The harness (`pi`, `amp`) provides the agent loop and file/shell tools. The
brain reads the specs. The specs are the same across runs.

But: different brains produce *different outputs* on the same hardware. One
model writes `arm_set_joint_angle`; another writes
`so_arm101_arm_set_joint_angle`. Tools may differ in count, naming, and even
parameter shape across runs. The interface contracts (MCP tool schema, FastMCP
server shape) hold; the *output* content varies.

This is the honest version of the old "model-agnostic" claim. The system is
interface-agnostic; the outputs are model-divergent. Both halves matter.

## 5. Model calls replace code debt

A model call is a unit of code. When the alternative is a brittle parser, an
exception cascade, a regex chain, or an enumeration of conditions you can't
fully list — write a prompt instead. Models are now cheap and capable enough
that they're a first-class implementation primitive, not a fallback.

Concrete patterns that become model calls:

- **Log summarization.** The daemon's heal cycle reads the server log and
  asks a small model to summarize what's wrong. The alternative is a
  200-line regex/grep/awk parser that breaks the moment the log format
  shifts. The prompt is 20 lines and survives format drift for free.
- **Error categorization.** "Is this exception a missing dependency, a
  hardware disconnect, a permission issue, or a logic bug?" — a four-way
  classification that would be a tangle of `except` clauses becomes a
  prompt with four labels.
- **Structured-output extraction.** Pulling JSON or fields out of a tool's
  semi-structured stdout. A regex works for one tool version and breaks on
  the next; a prompt that says "extract the device serial" doesn't.
- **Device identification.** `if device_id == "1a86:7523": capabilities = [...]`
  is the canonical bad pattern. The model knows what a CH340 is. Strengthen
  the spec instead of patching the code.
- **Failure-mode classification in retries.** When a stage fails, deciding
  *how* to retry (edit the spec? change the model? abort?) is a judgement
  call, not a switch statement.

The discipline is: when you feel yourself reaching for `if/elif/else` over a
list you can't fully enumerate, or for a parser whose grammar you don't fully
know, that's the signal. Write the prompt.
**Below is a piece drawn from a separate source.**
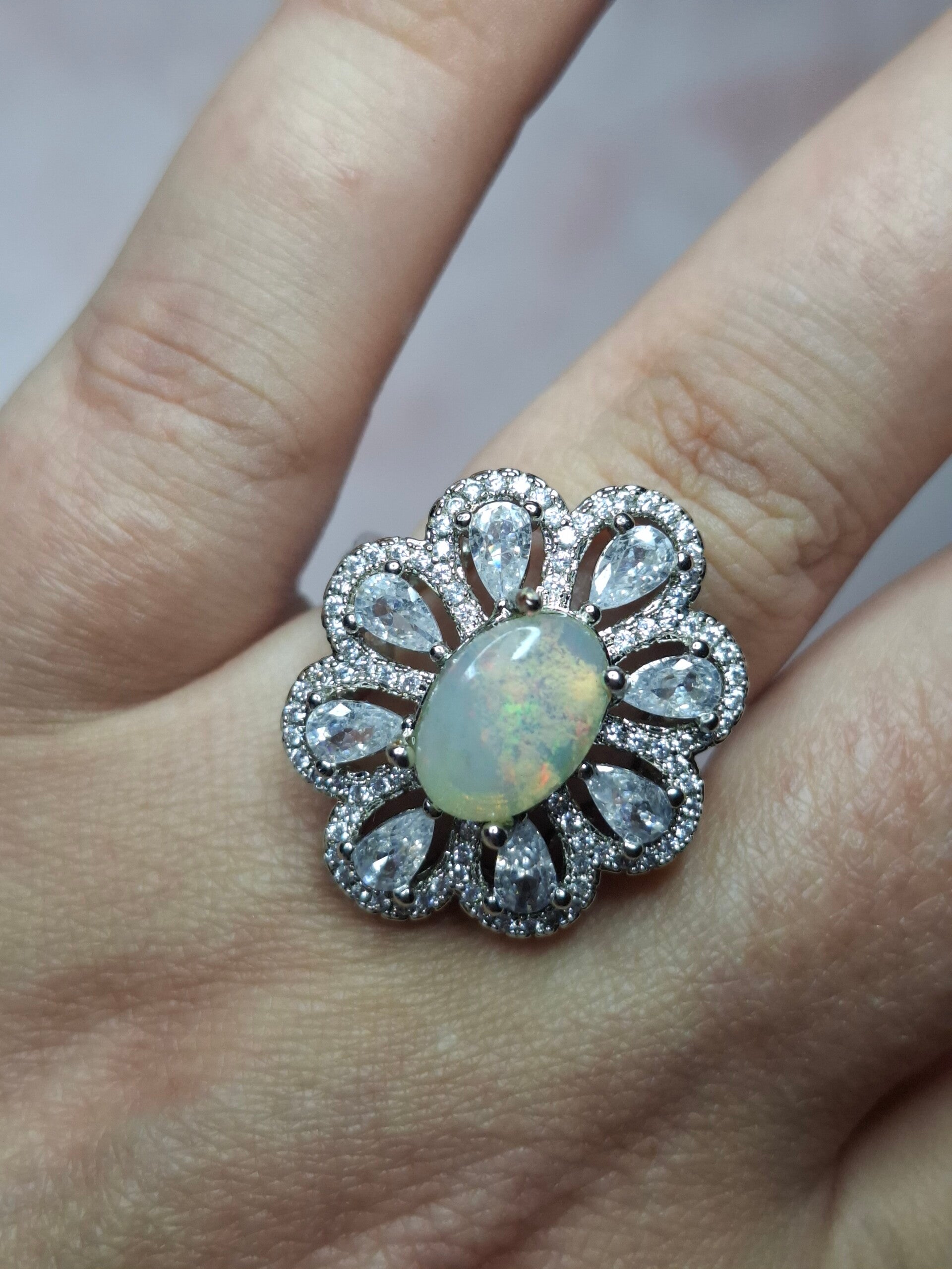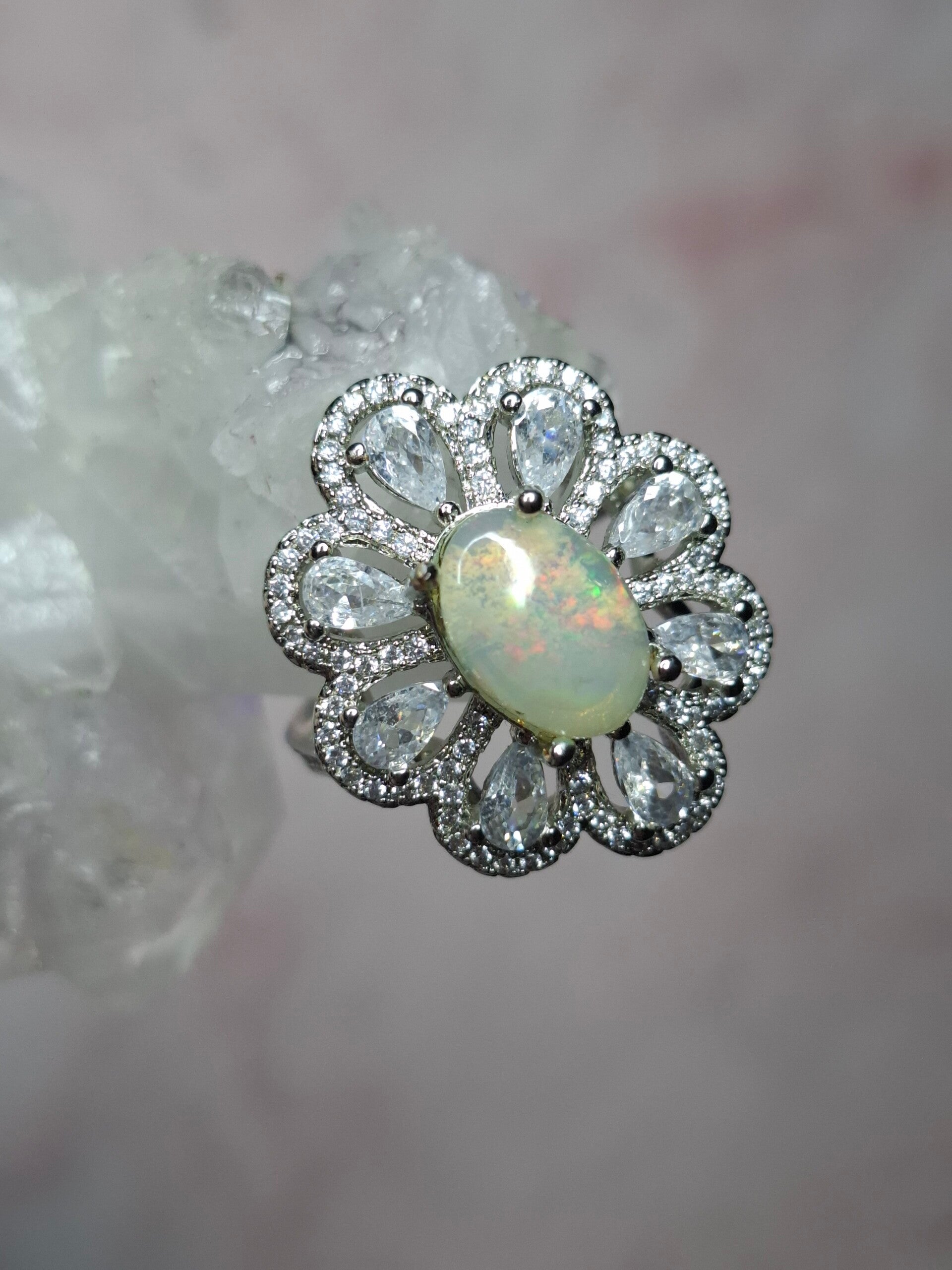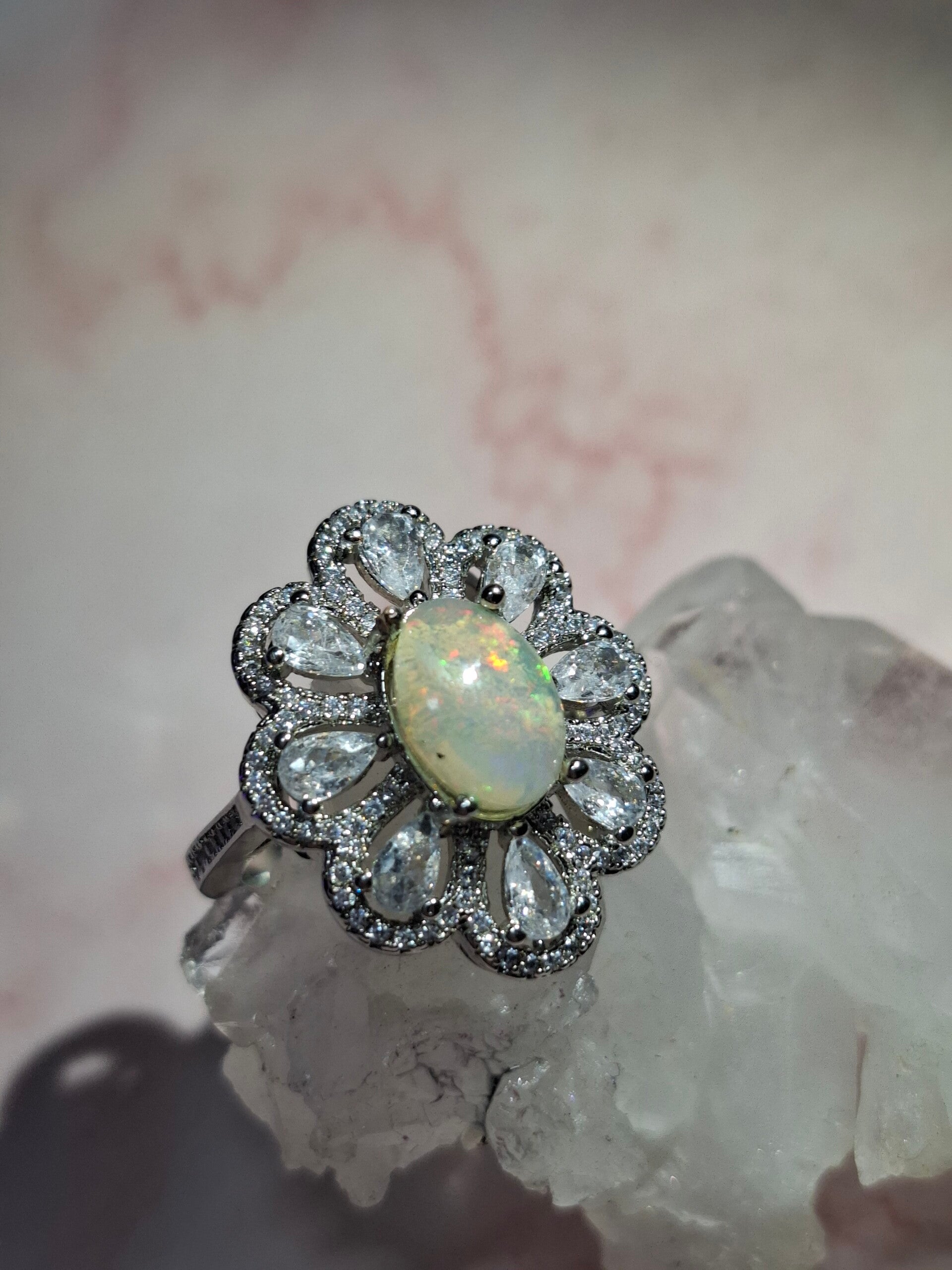 Bague strass et opale 10x7mm éthiopienne

Use small/cheap models for the simple classifications (log summaries,
field extraction); reserve larger models for the load-bearing reasoning
(spec rewrites, heal decisions). A model call has a price; pick the right
one.

**Caveat.** This rule applies to *knowledge* problems (the model knows or
doesn't), not to *control* problems. Thermal cooldown logic, voltage checks,
USB autosuspend handling, joint duty-cycle enforcement — those are real
if/then control flow that *must* live in the generated server, because they
govern physical safety and run at frequencies where a model call is wrong on
latency, reliability, and cost. Knowledge belongs in prompts; safety belongs
in code.

## 6. Minimal harness

The orchestrator coordinates; the agent and the specs do the thinking. It
reads `octopus.toml`, spawns a coding agent per stage, checks whether an
output file exists, and loops. There is no device-specific code in the
orchestrator — when we find ourselves adding a conditional for a specific
device, we've made a mistake (#5).

This is a *value*, not a measurement. The line count is what it is; "minimal"
isn't a number we defend. What we defend is: every line of orchestrator code
should be answering a coordination question (which stage runs next, which
spec to render, what to do on retry) — not a hardware question (what does
this CH340 USB chip control). Hardware questions belong in specs.

## 7. RALPH loop

**Read** the spec → **Agent** executes → **Loop** (check the output file) →
**Pass/Halt**. This is the only control structure in Octopus. Every pipeline
stage is a RALPH iteration. Every daemon tick is a RALPH iteration. Every
heal action is a RALPH iteration. There is no second loop, no event queue,
no scheduler — just RALPH, instantiated repeatedly with different specs and
different output-file checks.

Why it's a principle and not a tactic: RALPH is what makes the rest of the
system tractable. Because every step has the same shape, retry policy is
uniform (re-run with optional spec edit), failure detection is uniform
(output file present and well-formed?), and the orchestrator is small (#6)
because it only needs to know how to run *one* loop. Replacing RALPH would
mean inventing per-stage control flow, which would push hardware logic back
into Python and break #1.

The "L" — looping by checking an output file — is also what enforces the
spec contract. Specs declare their output paths and success conditions in
markdown; the loop check reads those declarations. The agent and the
orchestrator never need to share Python types. The filesystem is the API.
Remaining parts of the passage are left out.